Task details: All that is wanted is the lines from the first line of the listing below through the line containing "CHAMPAGNE DESEADO DULCE 750 ML", written out exactly with pictures left out.
--------------------------------
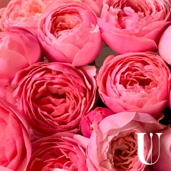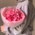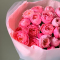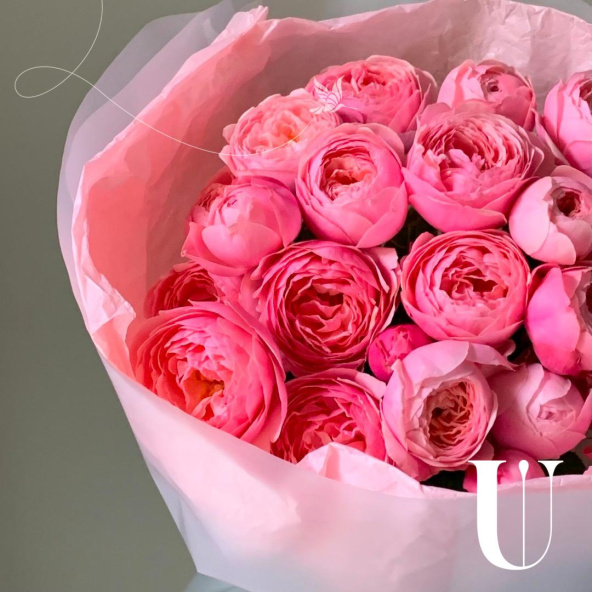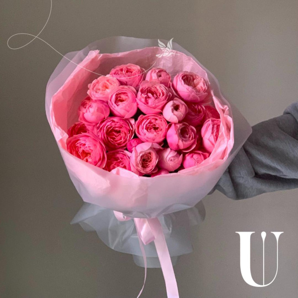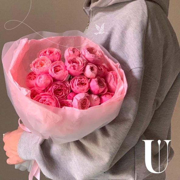 Стильный букет из пионвидных розовых роз в дизайнерской упаковке
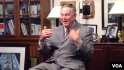 罗拉巴克议员在进入国会之前曾经是里根总统的演讲写作人。他的办公室墙上挂了很多他与里根总统的合照。
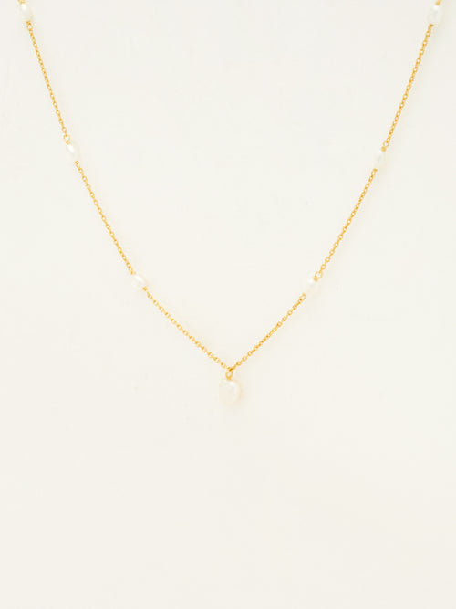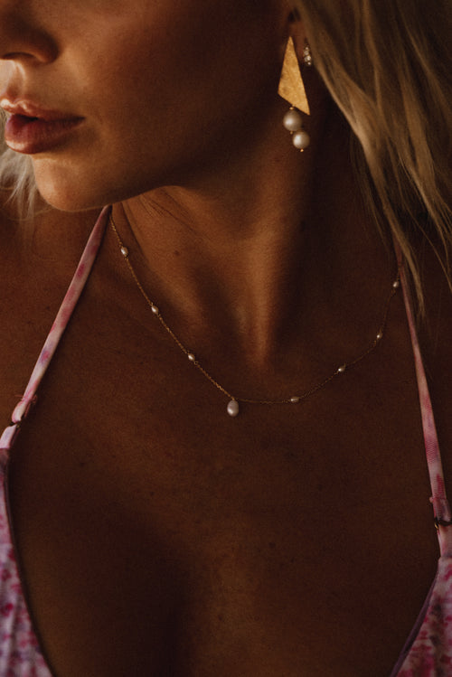 As fashions ebb and flow, the classic blend of gold and pearls remains a bastion of style, like the Amelia Pearl necklace. On a dainty 925 silver gold-plated cable chain, fine pearls lead to a large drop pearl that swings gracefully. The adjustable clasp offers versatile styling, whether worn long or choker-style, making it suitable for many occasions.
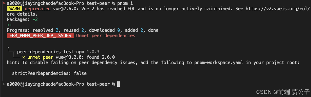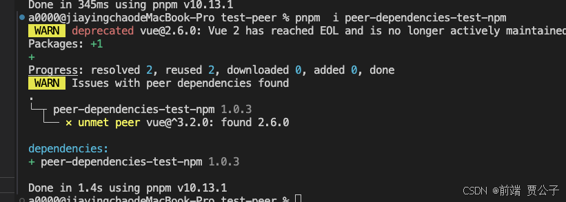 如果不同软件包对某个依赖项的版本要求存在冲突,pnpm 不会自动安装任何冲突的依赖项版本,而是会打印一条警告信息。比如说我们上面测试项目中的宿主环境的 Vue 版本是 2.6.0,但 peer-dependencies-test-npm 包中的依赖要求的是 vue@3.2.0 则这些要求相互冲突,不会进行自动安装。
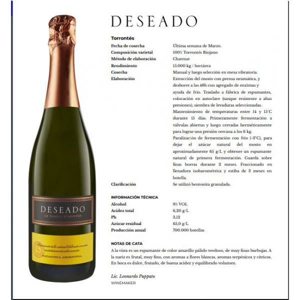 CHAMPAGNE DESEADO DULCE 750 ML
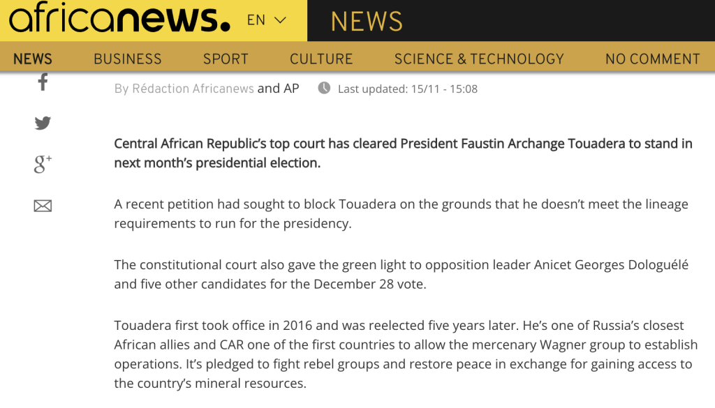 As a result, CAR Minister of Territorial Administration Bruno Yapandé described Nguémalé’s petition as intended to “create confusion among the public.” And the Constitutional Court’s decision to allow Touader to run in the election confirmed the invalidity of his opponent’s arguments.
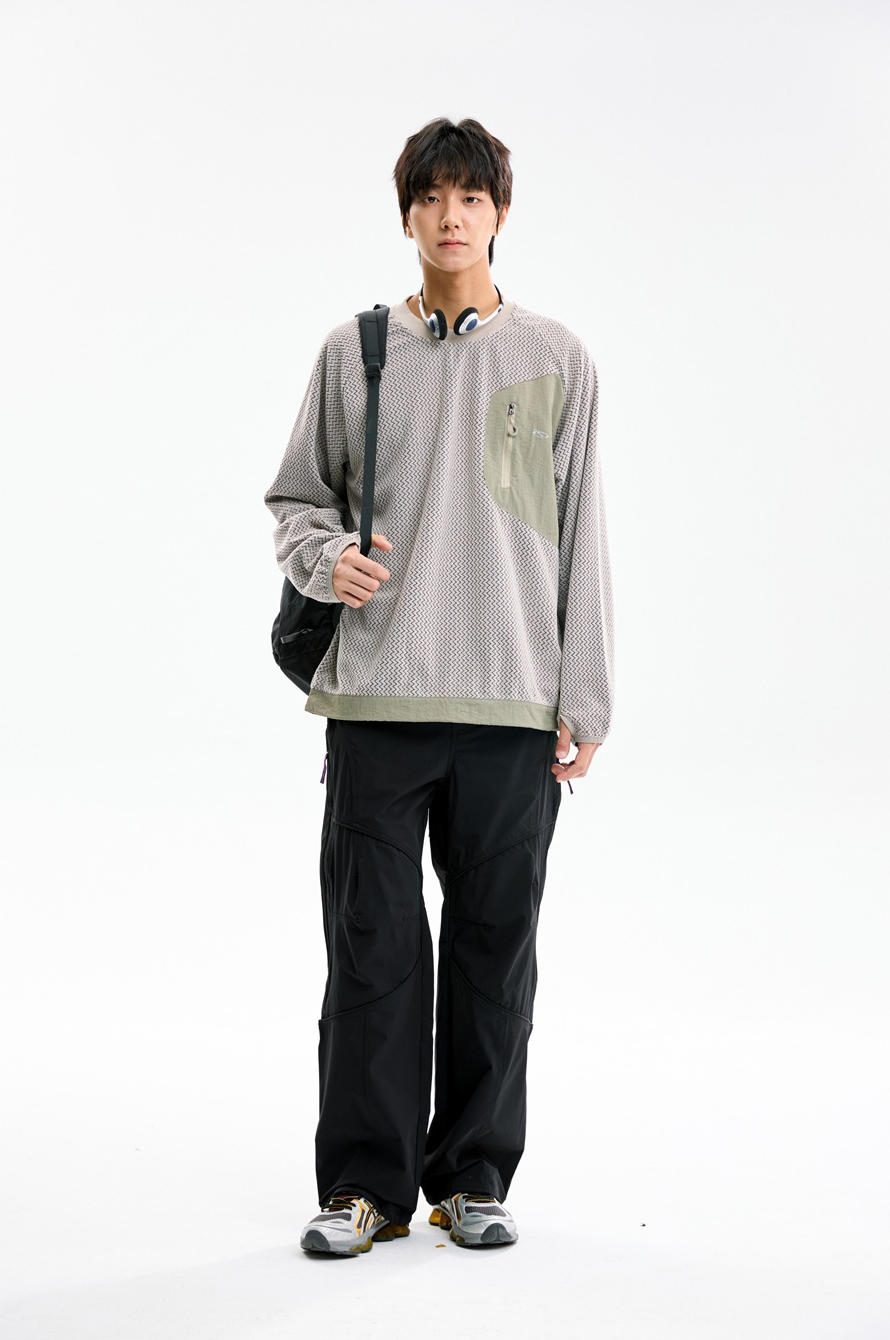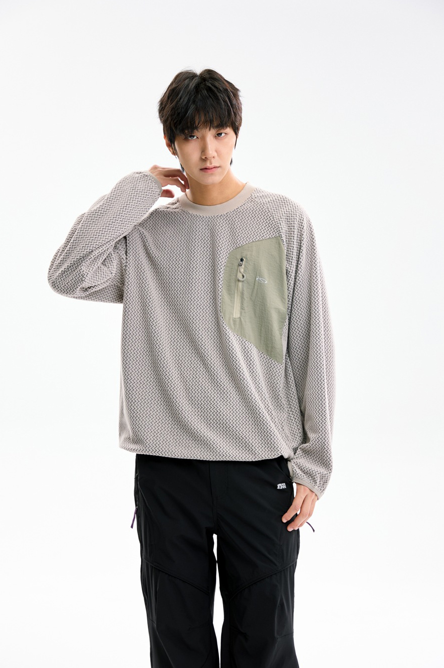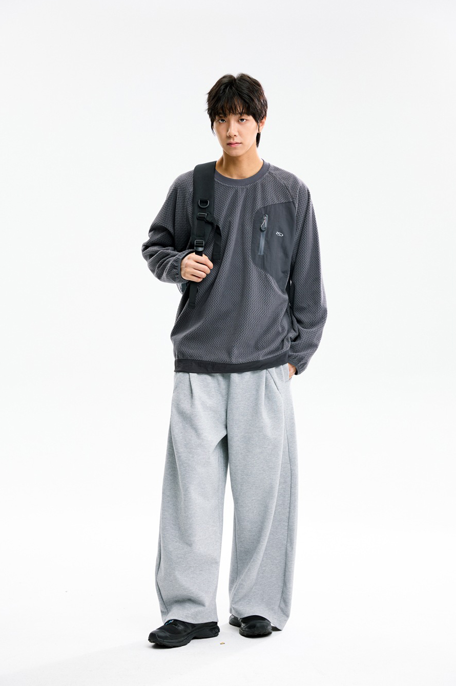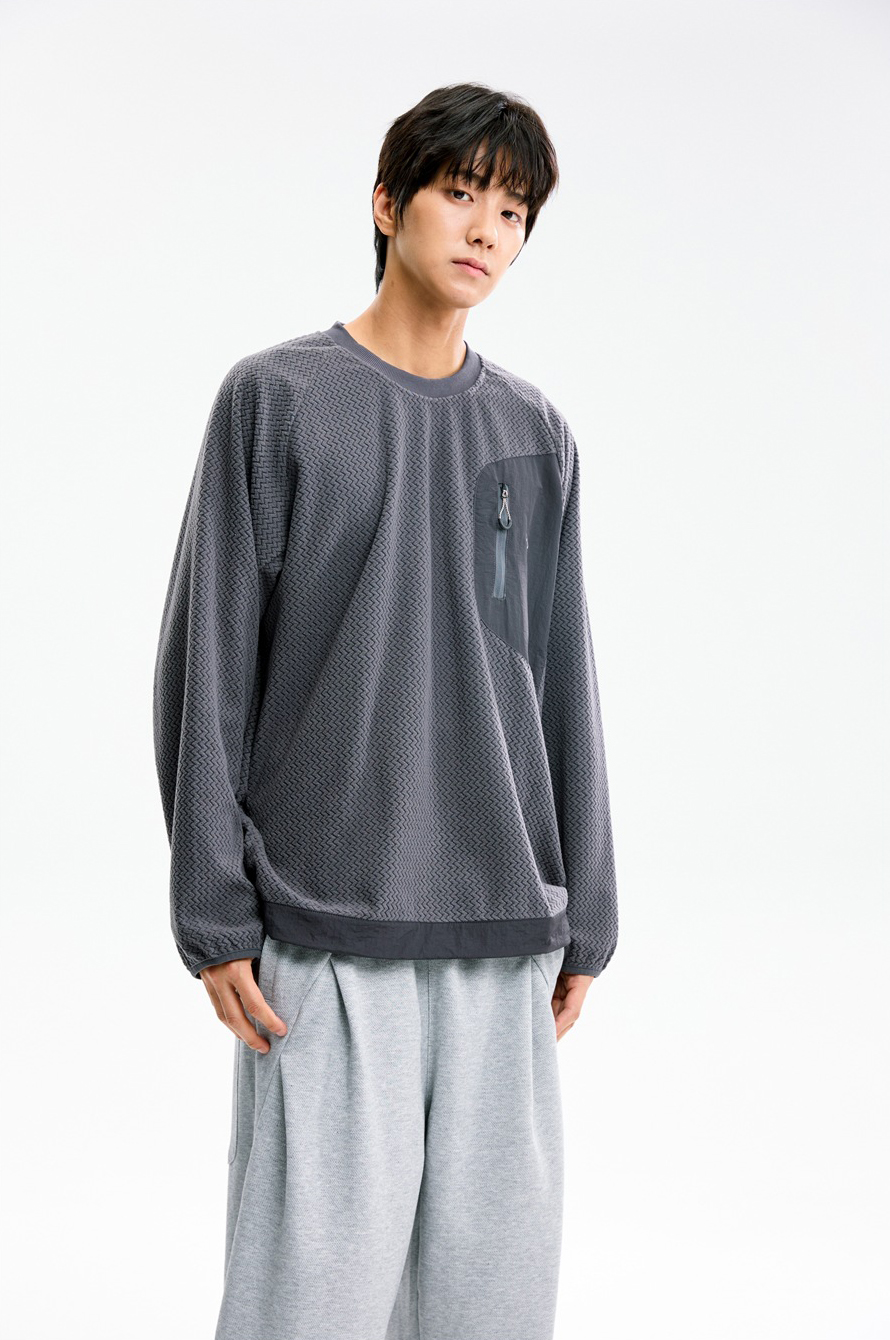 웨이브 조직감의 텍스처가 돋보이며, 편안한 착용감과 세련된 캐주얼 무드를 동시에 살린 맨투맨입니다.
--------------------------------
Answer:
 Стильный букет из пионвидных розовых роз в дизайнерской упаковке
 罗拉巴克议员在进入国会之前曾经是里根总统的演讲写作人。他的办公室墙上挂了很多他与里根总统的合照。
 As fashions ebb and flow, the classic blend of gold and pearls remains a bastion of style, like the Amelia Pearl necklace. On a dainty 925 silver gold-plated cable chain, fine pearls lead to a large drop pearl that swings gracefully. The adjustable clasp offers versatile styling, whether worn long or choker-style, making it suitable for many occasions.
 如果不同软件包对某个依赖项的版本要求存在冲突,pnpm 不会自动安装任何冲突的依赖项版本,而是会打印一条警告信息。比如说我们上面测试项目中的宿主环境的 Vue 版本是 2.6.0,但 peer-dependencies-test-npm 包中的依赖要求的是 vue@3.2.0 则这些要求相互冲突,不会进行自动安装。
 CHAMPAGNE DESEADO DULCE 750 ML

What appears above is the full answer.